From the listing below, output the lines between the one with "校庆,钱正英亲临母校祝贺,与少先队员合影。" and the one with "グラスをかけ、簡単な手の操作で海の生き物と触れ合えるシステムです。", including those two, and nothing else. Pictures are not copied.

> _DATASET ENTRIES_

◇ ◇ ◇ ◇ ◇ ◇ ◇

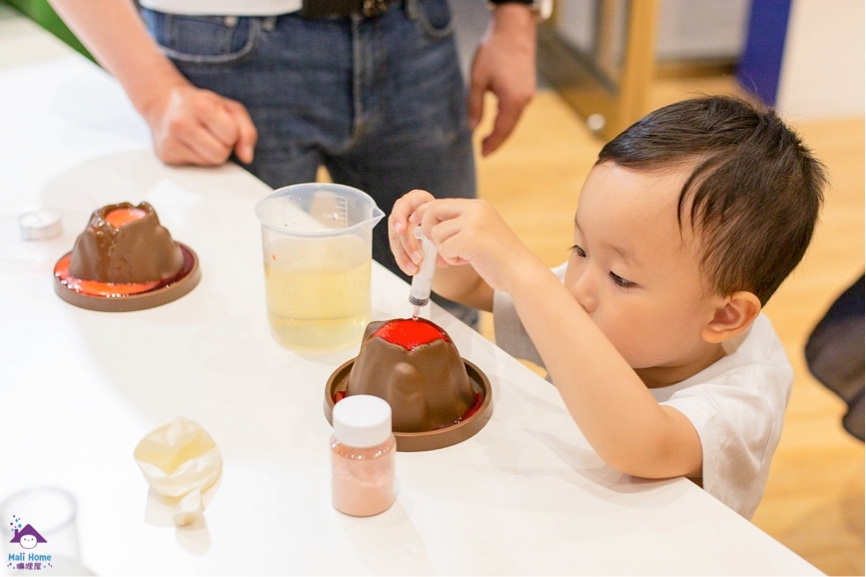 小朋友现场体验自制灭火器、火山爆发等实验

◇ ◇ ◇ ◇ ◇ ◇ ◇

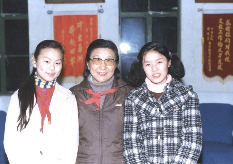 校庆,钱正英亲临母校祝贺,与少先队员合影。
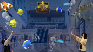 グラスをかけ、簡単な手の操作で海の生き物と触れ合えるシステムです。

◇ ◇ ◇ ◇ ◇ ◇ ◇

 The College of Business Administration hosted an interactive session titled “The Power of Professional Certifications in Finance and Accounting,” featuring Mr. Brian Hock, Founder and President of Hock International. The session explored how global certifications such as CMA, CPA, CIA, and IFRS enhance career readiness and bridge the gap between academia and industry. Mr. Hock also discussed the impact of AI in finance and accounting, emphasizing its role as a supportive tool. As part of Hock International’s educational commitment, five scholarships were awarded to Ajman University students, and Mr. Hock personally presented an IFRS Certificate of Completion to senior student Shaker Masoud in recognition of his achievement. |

◇ ◇ ◇ ◇ ◇ ◇ ◇

> _RESULT OF THIS EXERCISE_
 校庆,钱正英亲临母校祝贺,与少先队员合影。
 グラスをかけ、簡単な手の操作で海の生き物と触れ合えるシステムです。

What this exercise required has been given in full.